Nonsuicidal self-injury (hereafter referred to simply as self-injury or SI) is defined as the deliberate damage of body tissue without intention to die (Berger et al., 2014). Self-injury can take a variety of forms such as cutting, burning, scratching, biting, and hitting. Self-injury is a common behavior among adolescents, with prevalence rates in a nationwide sample of over 60,000 youth at approximately 6%-14% in males and 17%-30% in females (Monto et al., 2018). Because of the risks and pervasiveness of this behavior, professional counselors play a significant role in prevention and intervention. Professional school counselors are especially well-situated to support students who self-injure. However, there are relatively few school policies in place that address self-injury and many school staff report a lack of knowledge, training, and self-efficacy with addressing self-injury (Berger et al., 2014). This lack of knowledge and training, in combination with negative beliefs and stigmatizing views about self-injury, can lead to significant challenges in quality care.
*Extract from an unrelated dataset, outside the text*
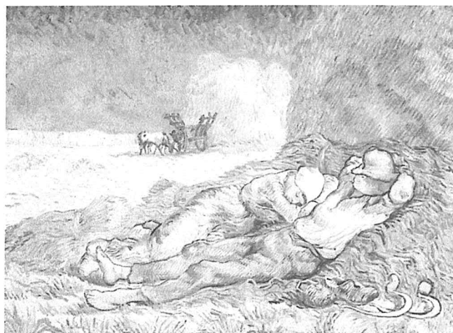
Les quatre saisons : L'été de Van Gogh.
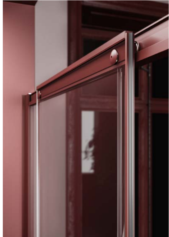
Scorrevole Sliding door

La barre transversale vue de l'intérieur de la cabine de douche: elle est conçue pour présenter des lignes élégantes et pour permettre un nettoyage facile.

Competently addressing SI may take on a variety of forms including evidenced-based intervention, education and collaboration among school staff, and appropriate referrals. Professional school counselors should take advantage of opportunities to increase their knowledge and self-efficacy regarding SI, while also gaining awareness and challenging their biases and negative assumptions (Berger et al., 2014). In this chapter, the functions and purpose of SI will be explored, along with the relationship between SI and suicidality, and potential complications of SI. Ethical and legal issues associated with SI, including special considerations from the American School Counselor Association (ASCA), will also be addressed. Next, warning signs and risk factors for SI will be presented, and common myths will be discussed. Finally, the importance of collaborating with school personnel is highlighted, and best practices for school counselors working with students who engage in SI are provided.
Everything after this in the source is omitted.